◆ Work request: For the copy, please give all of the data again exactly and leave the pictures out.

◆ Source material:
==========

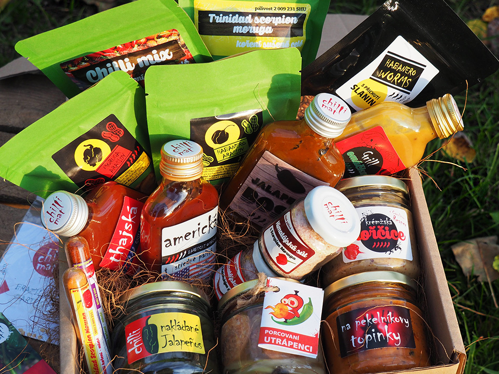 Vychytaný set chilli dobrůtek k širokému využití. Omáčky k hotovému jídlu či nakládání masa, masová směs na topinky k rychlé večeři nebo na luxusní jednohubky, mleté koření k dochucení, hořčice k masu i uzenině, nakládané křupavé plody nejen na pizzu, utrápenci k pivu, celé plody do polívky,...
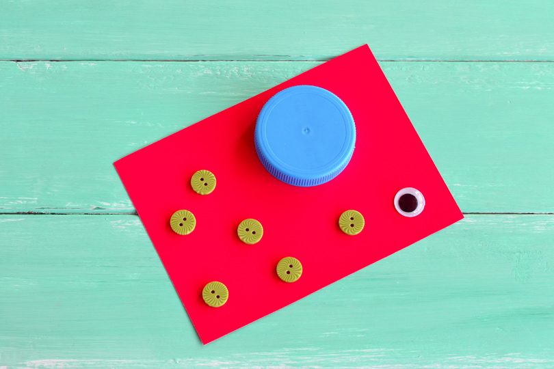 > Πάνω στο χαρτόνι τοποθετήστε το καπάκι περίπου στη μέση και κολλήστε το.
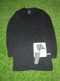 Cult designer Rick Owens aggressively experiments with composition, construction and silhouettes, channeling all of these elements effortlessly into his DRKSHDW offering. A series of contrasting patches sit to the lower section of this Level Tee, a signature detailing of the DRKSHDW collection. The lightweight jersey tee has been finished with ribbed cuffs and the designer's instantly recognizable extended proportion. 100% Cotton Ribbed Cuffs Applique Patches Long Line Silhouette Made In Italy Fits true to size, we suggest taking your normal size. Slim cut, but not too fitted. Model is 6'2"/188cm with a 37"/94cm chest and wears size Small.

==========

◆ Result:
 Vychytaný set chilli dobrůtek k širokému využití. Omáčky k hotovému jídlu či nakládání masa, masová směs na topinky k rychlé večeři nebo na luxusní jednohubky, mleté koření k dochucení, hořčice k masu i uzenině, nakládané křupavé plody nejen na pizzu, utrápenci k pivu, celé plody do polívky,...
 > Πάνω στο χαρτόνι τοποθετήστε το καπάκι περίπου στη μέση και κολλήστε το.
 Cult designer Rick Owens aggressively experiments with composition, construction and silhouettes, channeling all of these elements effortlessly into his DRKSHDW offering. A series of contrasting patches sit to the lower section of this Level Tee, a signature detailing of the DRKSHDW collection. The lightweight jersey tee has been finished with ribbed cuffs and the designer's instantly recognizable extended proportion. 100% Cotton Ribbed Cuffs Applique Patches Long Line Silhouette Made In Italy Fits true to size, we suggest taking your normal size. Slim cut, but not too fitted. Model is 6'2"/188cm with a 37"/94cm chest and wears size Small.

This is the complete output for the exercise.